▶ **To do**
The material below includes pictures; leave them out and return only the lines between the line containing "Salad with iceberg" and the line containing "Рис. 1. Вергентные", inclusive, word for word.

▶ **Exercise data**
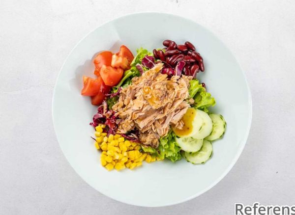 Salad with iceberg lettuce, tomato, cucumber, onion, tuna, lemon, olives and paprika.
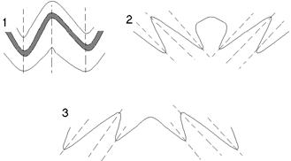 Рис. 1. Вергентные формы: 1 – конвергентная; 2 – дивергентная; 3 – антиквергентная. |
==
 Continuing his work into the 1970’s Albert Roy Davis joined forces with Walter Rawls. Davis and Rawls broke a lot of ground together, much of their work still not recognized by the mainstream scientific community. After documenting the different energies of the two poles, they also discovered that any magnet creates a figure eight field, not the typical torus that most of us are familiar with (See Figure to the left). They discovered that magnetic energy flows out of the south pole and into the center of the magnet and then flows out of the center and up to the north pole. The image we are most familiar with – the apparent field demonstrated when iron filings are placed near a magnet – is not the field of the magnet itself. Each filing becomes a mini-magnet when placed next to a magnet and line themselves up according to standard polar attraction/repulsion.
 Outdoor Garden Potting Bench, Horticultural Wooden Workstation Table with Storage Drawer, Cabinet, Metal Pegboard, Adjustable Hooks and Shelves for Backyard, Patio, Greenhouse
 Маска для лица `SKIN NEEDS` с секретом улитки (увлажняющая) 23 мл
---
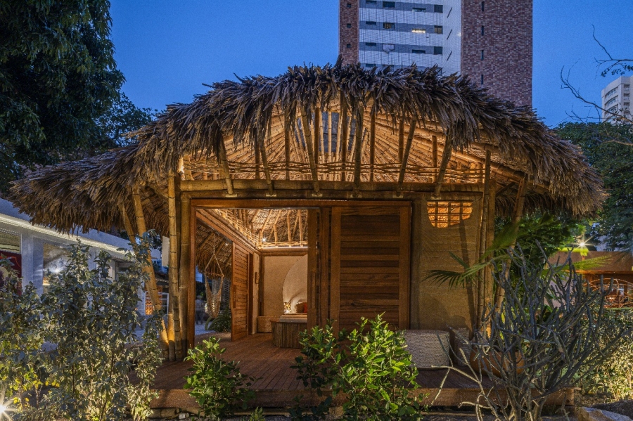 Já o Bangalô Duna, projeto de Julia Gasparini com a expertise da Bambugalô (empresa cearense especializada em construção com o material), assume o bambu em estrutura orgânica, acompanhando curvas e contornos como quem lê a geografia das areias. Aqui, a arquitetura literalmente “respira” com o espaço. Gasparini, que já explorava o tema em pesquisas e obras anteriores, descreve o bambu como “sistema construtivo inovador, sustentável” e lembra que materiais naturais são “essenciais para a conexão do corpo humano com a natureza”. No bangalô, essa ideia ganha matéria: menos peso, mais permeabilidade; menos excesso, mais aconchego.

▶ **Answer space**
 Salad with iceberg lettuce, tomato, cucumber, onion, tuna, lemon, olives and paprika.
 Рис. 1. Вергентные формы: 1 – конвергентная; 2 – дивергентная; 3 – антиквергентная. |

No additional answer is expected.